Note: An RDMA operation is requested by the client by using an RDS_CMSG_RDMA_MAP control in which the RDS_RDMA_USE_ONCE flag is set. For this request, the area of memory that is mapped for DMA in the client's address space of memory is automatically unmapped for DMA, when the client receives the application-level reply from the server.

Although this implicit DMA mapping or unmapping mechanism makes it simpler to write RDMA applications, developers must be aware that registering memory for DMA on the AIX operating system is an expensive operation. Thus, if the same area of memory is going to be accessed by using RDMA multiple times, it is more efficient to do the DMA registration only the first time. To do this activity, a client application needs to use an RDS_CMSG_RDMA_MAP control message without the RDS_RDMA_USE_ONCE flag set when sending the RDMA request to the server.

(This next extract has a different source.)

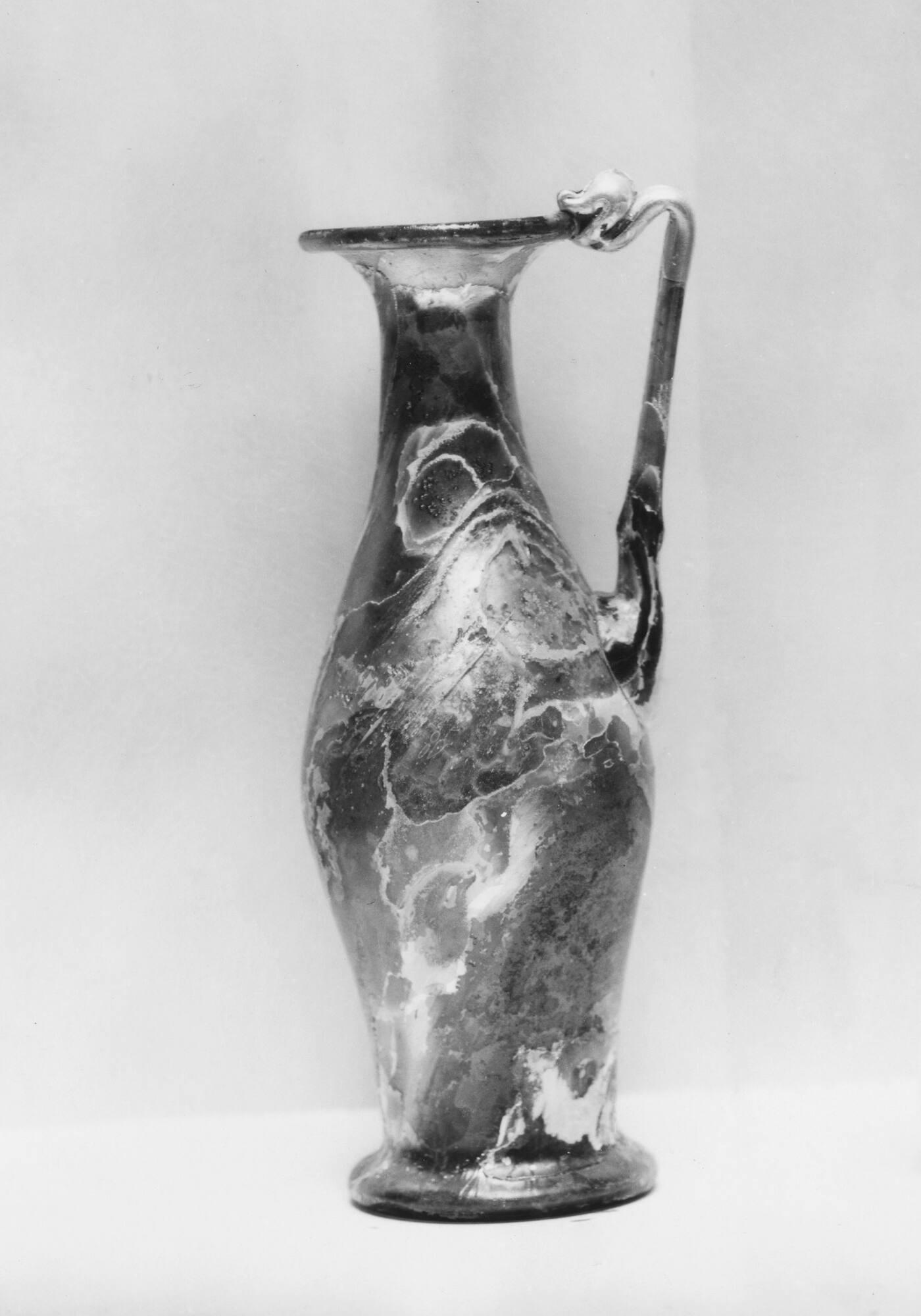 DescriptionThis bulbous jug is made of medium thin glass that appears transparent natural light olive (10 Y 5/4), with a translucent handle of similar color. A few pinprick and medium-sized bubbles, elongated vertically in the neck, are visible, along with a few small black specks and one larger speck in the handle. The jug is free-blown and tooled, with a pontil mark about 1.9 cm in diameter. Excess glass at the tip of the handle is folded back against the top of the handle at the rim. It has a flaring circular mouth with a narrow hollow rim folded outward, upward, and inward. The slightly tapering neck curves gently into the strongly sloped shoulder. The carinated bulbous body has concave lower sides and an open pushed-in base. A straight plain coil handle projects slightly above the rim, applied to the shoulder and attached to the top of the rim, where it is pressed down to form a closed figure-eight loop. This vessel is classified as Jug Class IA2b with coil handle IA1a.

Then, subsequent RDMA transfers to the same area of the client's memory can be initiated by the RDMA server application without the client needing to send another request to the server. At the end, the client application would need to explicitly unmap the DMA-mapped memory by using the setsockopt() system call with the RDS_FREE_MR socket option.

RDS-specific socket options are specified by using SOL_RDS as the level parameter for the setsockopt() or getsockopt() system call.